I think you may have misunderstood something here.
When paying for Claude Max even at $200/month there are limits - you have a limit to the number of tokens you can use per five hour period, and if you run out of that you may have to wait an hour for the reset.
You COULD instead use an API key and avoid that limit and reset, but that would end up costing you significantly more since the $200/month plan represents such a big discount on API costs.
As-of a few weeks ago there's a third option: pay for the $200/month plan but allow it to charge you extra for tokens when you reach those limits. That gives you the discount but means your work isn't interrupted.
Extra Usage for Paid Claude Plans: https://support.claude.com/en/articles/12429409-extra-usage-...
Thank you for the explanation, but I did fully understand that is what you were saying.
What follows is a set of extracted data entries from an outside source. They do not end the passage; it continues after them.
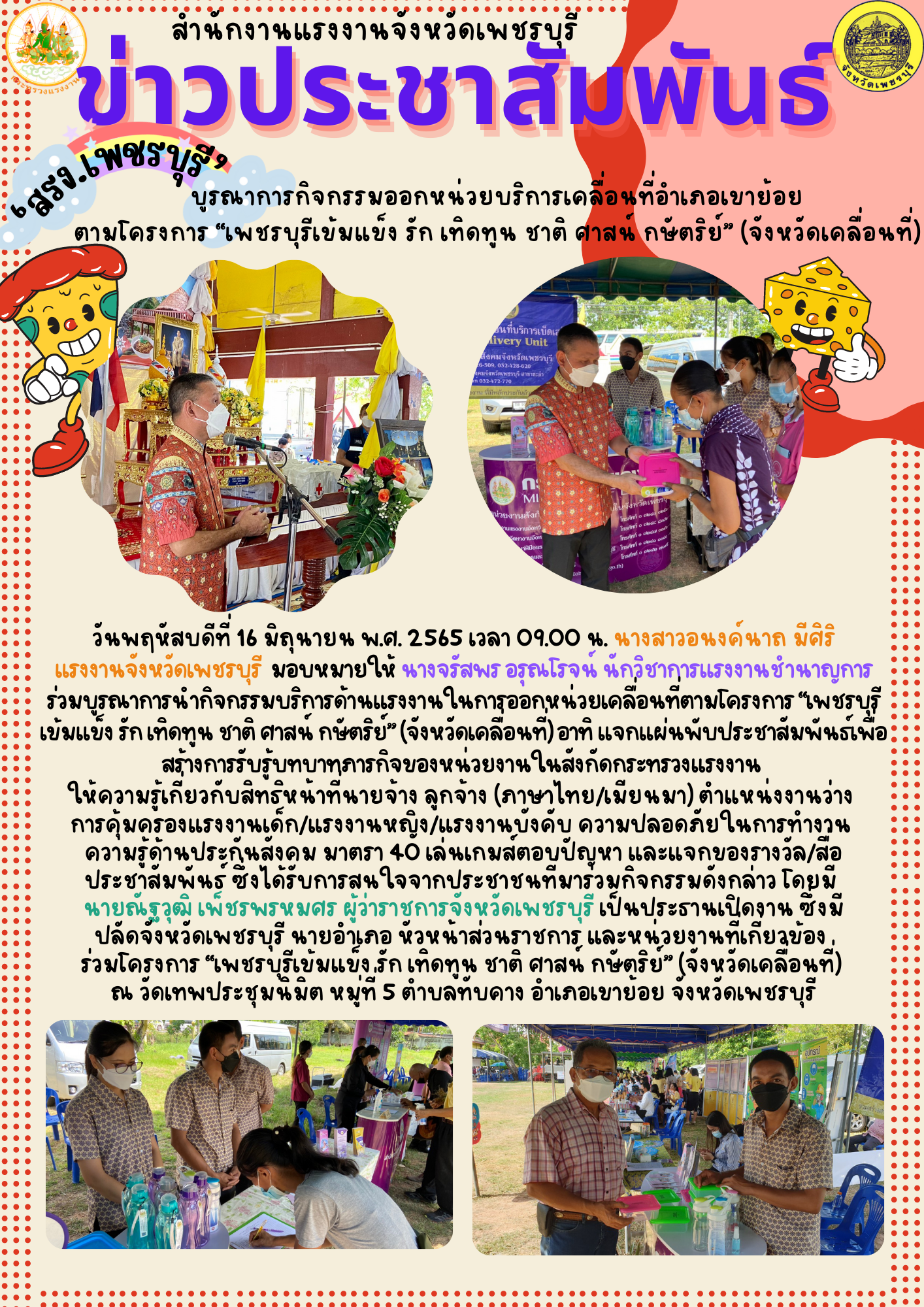 ‘สรจ.เพชรบุรี’ บูรณาการกิจกรรมออกหน่วยบริการเคลื่อนที่อำเภอเขาย้อย ตามโครงการ “เพชรบุรีเข้มแข็ง รัก เทิดทูน ชาติ ศาสน์ กษัตริย์” (จังหวัดเคลื่อนที่)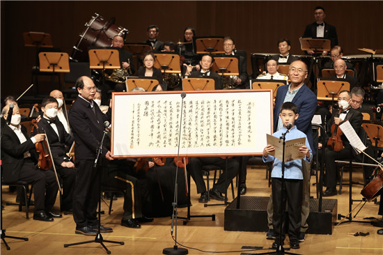 2月23日,北京,“前哲垂范 文津日新”——梁啟超誕辰150周年紀(jì)念配樂朗誦音樂沙龍在國家圖書館舉行。中國國家圖書館館長熊遠(yuǎn)明(左)向梁啟超后人贈手書《少年中國說》。 蔣啟明/攝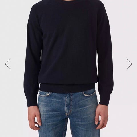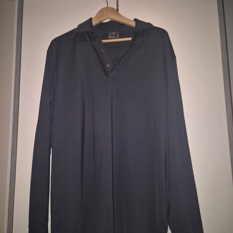 Oscar Jacobson genser for herre i størrelse XL. Genseren er blå og strikket i ull, med høy hals/rullekrage. Materialet er 100 % ull, egnet for bruk i kjøligere vær. Passer til hverdagsbruk eller mer formelle anledninger sammen med bukse eller jeans.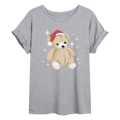 Women's Instant Message Christmas Teddy Bear Oversized Graphic T-Shirt - Heather Grey - X-Large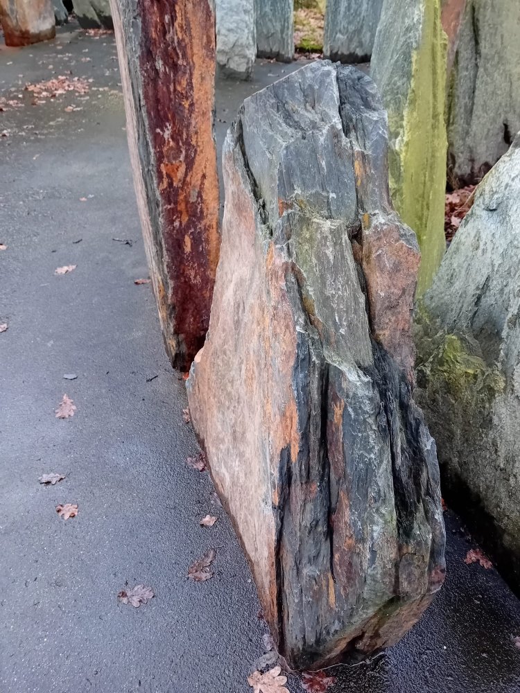 Deze grafsteen van Franse leisteen met een mooie robuste ruwe uitstraling word gevonden in Frankrijk heeft een mooie roestachtige kleur met zwarte binnenkant. Doordat de steen van de binnenzijde zwart is hebben wij hem ook met gepolijste accenten op voorraad. Ook deze gedenksteen is goed te combineren met cortenstaal.

What I don't fully understand is how you can characterize that as "not limited" with a straight face; then again, I can't see your face so maybe you weren't straight faced as you wrote it in the first place.
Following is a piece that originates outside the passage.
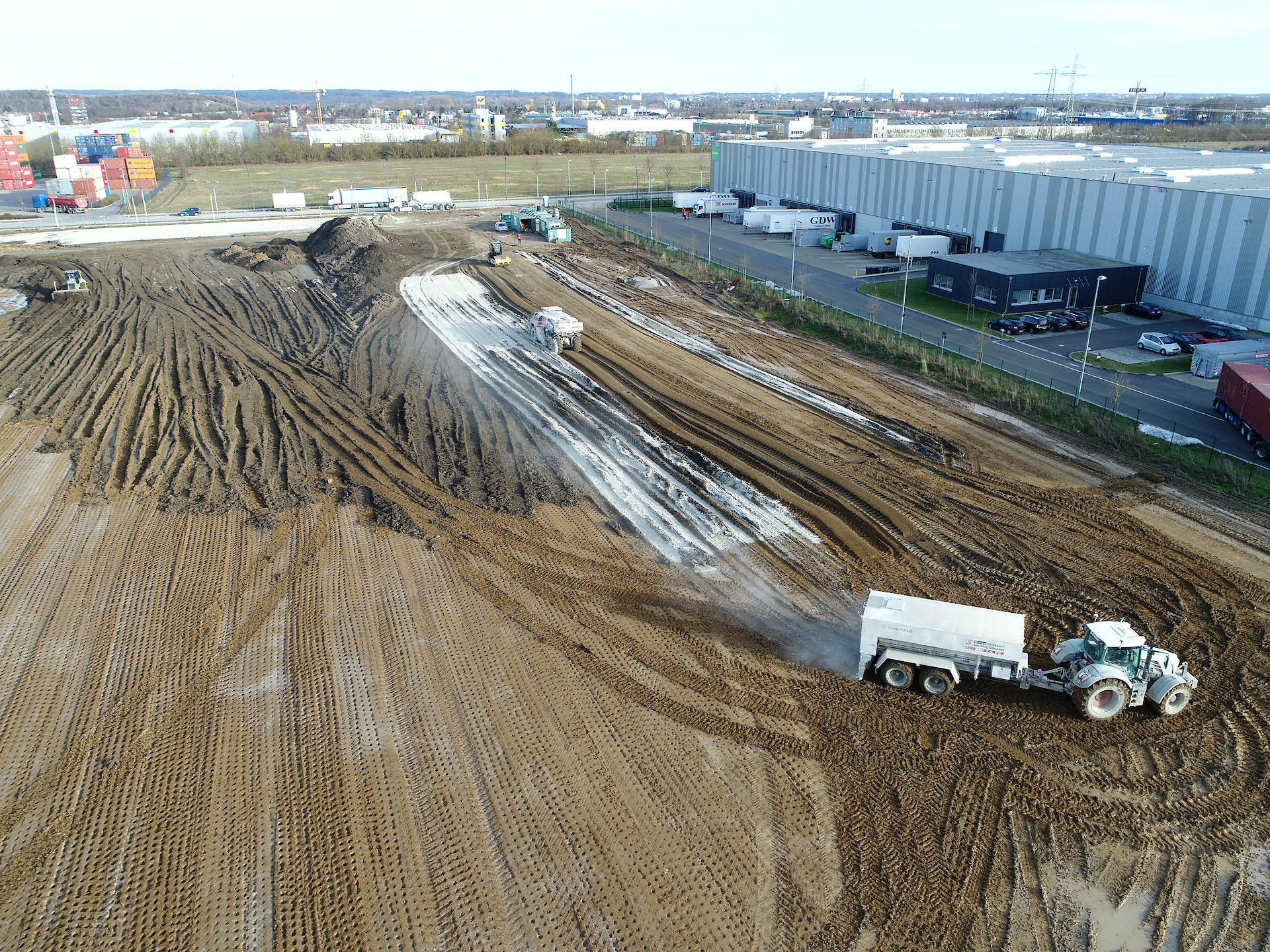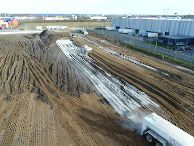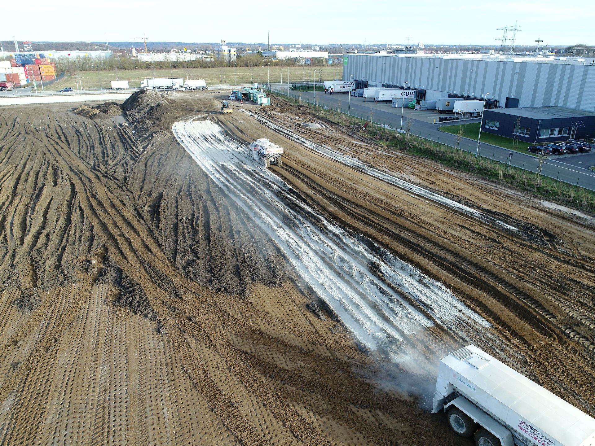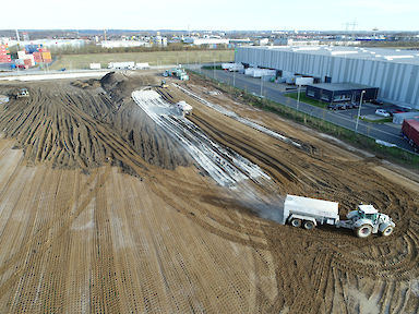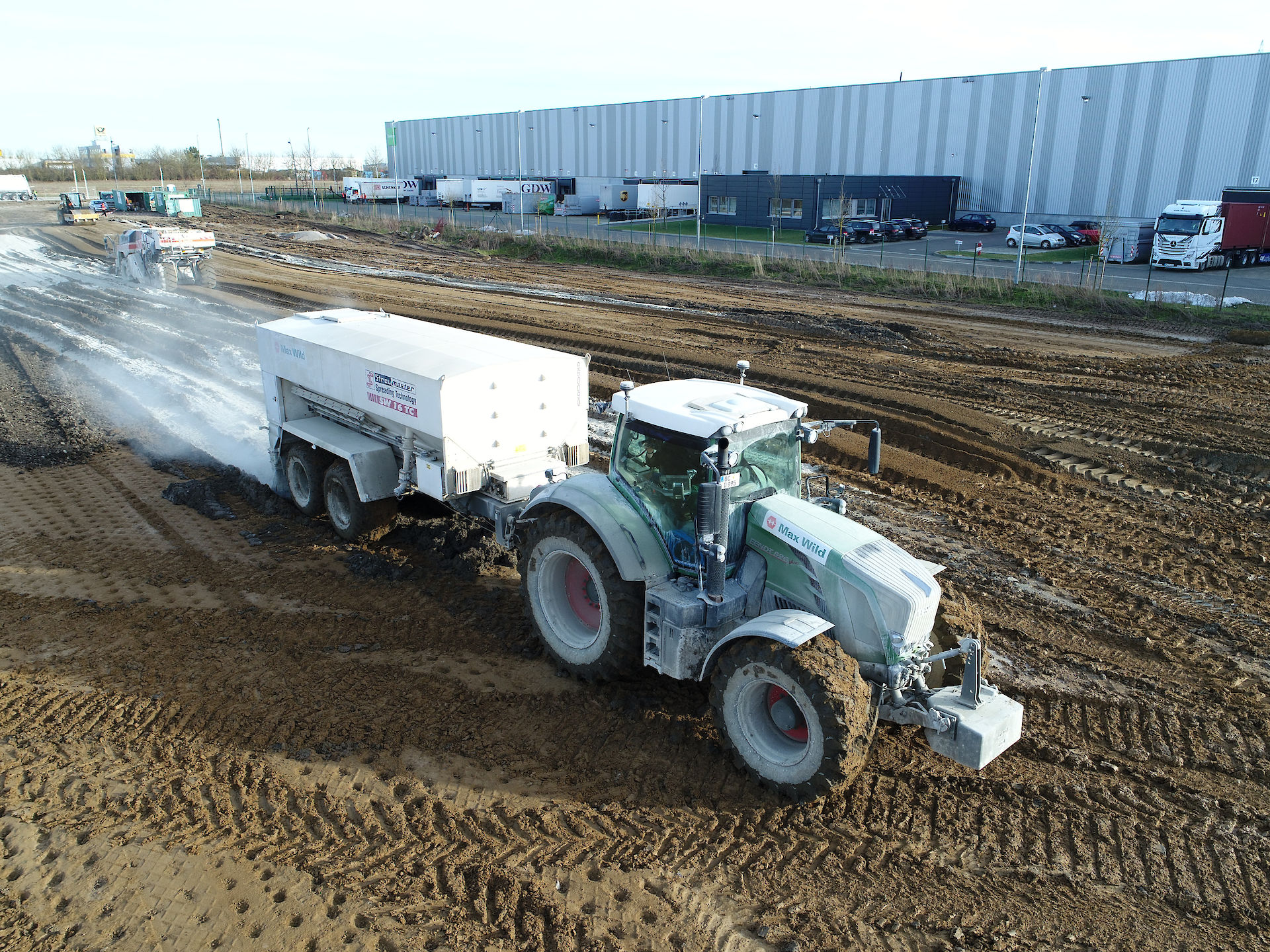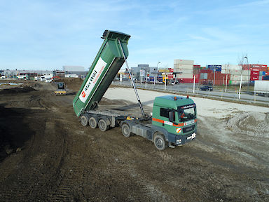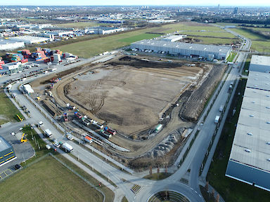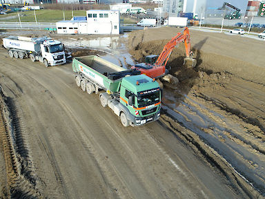Seit Mitte Dezember 2017 bearbeiten die Tiefbauspezialisten der Firma Max Wild das 6 Hektar große Grundstück in Gersthofen. Im Rahmen des Projekts gilt es insgesamt bis zu 30.000 Tonnen Humus abzutragen und abzufahren und circa 120.000 Tonnen Auffüllmaterial anzuliefern und einzubauen. Aktuell schreiten die Bauarbeiten trotz schwieriger Witterung zügig voran. Zunächst wurden die Erdmassen durch zwei Raupenbagger, zwei Schubraupen, Wirtgenfräse, Traktor mit Streuer sowie zwei Walzenzüge in Bewegung gebracht und abgetragen. Dabei fallen täglich bis zu 1.000 Tonnen Humus an, die von einem Kettenbagger mit einem Einsatzgewicht von 30 Tonnen auf die Lkw geladen werden. Täglich kommen beim Transport des Materials 50 bis 70 Lkw zum Einsatz. An der Erddeponie angekommen, wird die Ladung abgeladen und das für die Baustelle benötigte Auffüllmaterial auf die Lkw geladen. Eine besondere logistische Herausforderung sei, laut Bauleiter Locher, die Steuerung der Anlieferung und des Einbaus des Materials: „Täglich erwarten wir bis zu 4.000 Tonnen Materialanlieferungen. Bis Ende März sind das insgesamt 120.000 Tonnen Auffüllmaterial, die zur Baustelle gebracht und qualifiziert eingebaut werden, um nach erfolgtem Humusabtrag das Gelände auf die geplante Höhe zu bringen“, so Locher. Das ist allerdings nicht die einzige Besonderheit bei dem Projekt: Hinzu kommen die örtlichen Gegebenheiten der Baustelle. Mehrere am Bau beteiligte Gewerke arbeiten gleichzeitig auf dem Areal. Dies erfordert viel Abstimmung untereinander und festgelegte logistische Prozessabläufe, damit gewisse Bauabläufe reibungslos und ungehindert fortgeführt werden können. Mit im Leistungsumfang befinden sich Kanal- und Außenanlagenarbeiten. Die Verlegung der circa 2.500 Meter Kanalrohre DN 100 bis DN 800 startet voraussichtlich Mitte Februar 2018. Zwischen Baubeginn und Fertigstellung der Arbeiten durch die Firma Max Wild ist ein Zeitraum von sieben Monaten vorgesehen.

Hopefully you could see my well meaning smile with the "absolutely right" opening, but apparently that's no longer common so I can understand your confusion as https://absolutelyright.lol/ indicates Opus 4.5 has had it RLHF'd away.
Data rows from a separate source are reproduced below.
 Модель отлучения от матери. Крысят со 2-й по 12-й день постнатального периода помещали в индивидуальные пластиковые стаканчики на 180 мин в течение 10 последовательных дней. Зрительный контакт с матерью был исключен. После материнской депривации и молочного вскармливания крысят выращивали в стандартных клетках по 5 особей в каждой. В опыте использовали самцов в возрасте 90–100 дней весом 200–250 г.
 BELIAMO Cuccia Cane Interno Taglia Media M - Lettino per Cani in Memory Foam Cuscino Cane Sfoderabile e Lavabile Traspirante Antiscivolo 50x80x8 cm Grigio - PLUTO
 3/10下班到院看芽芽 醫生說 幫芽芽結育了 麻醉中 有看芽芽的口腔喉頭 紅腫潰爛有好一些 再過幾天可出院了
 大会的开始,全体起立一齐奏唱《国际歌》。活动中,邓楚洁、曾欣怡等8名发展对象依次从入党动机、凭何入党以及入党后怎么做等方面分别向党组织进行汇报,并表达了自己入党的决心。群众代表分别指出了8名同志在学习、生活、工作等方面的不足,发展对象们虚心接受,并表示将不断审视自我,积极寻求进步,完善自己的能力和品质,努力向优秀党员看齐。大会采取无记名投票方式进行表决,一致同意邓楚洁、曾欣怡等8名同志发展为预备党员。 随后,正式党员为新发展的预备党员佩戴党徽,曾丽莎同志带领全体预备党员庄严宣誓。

When I said "not limited" I meant "no longer limits your usage with a hard stop when you run out of tokens for a five hour period any more like it did until a few weeks ago".
That's why I said "not limited" as opposed to "unlimited" - a subtle difference in word choice, I'll give you that.
Oh, I wasn't arguing that it isn't "easy to spend $100s per dev per day". I was just asking what the use-case for that is.
I’ve had decent results from it. What programming language are you using?
Sometimes I have a similar file or related files. I copy their names and say use them as reference. Code quality improves by 10 times if you do so. Even providing a a example from framework's getting started works great too for new project.
Yeah the pain of cleaning up small mess is great too. I had some tests failing and type failing issues, I thought I will fix it later by only using AI prompt. As the size was growing, failing Typescript issues was growing too. At some point it was 5000+ type issues and countless number of failing unit tests. Then more and more. I tried to fix with AI, since it was not possible fixing old way. Then I discarded the whole project when it was around 500k lines of code.
Question: How many LoC do you let the AI write for each iteration? And do you review that? It sounds like you are letting it run off leash.
I had no idea how it would end up. It was first time using AI IDE. I had only used chatgpt.com and claude.ai for small changes before. I continued it for the experiment. I thought AI write too many tests, I will judge based on test passing. I agree, it was bad expectation + no experience with AI IDE + bad software engineering.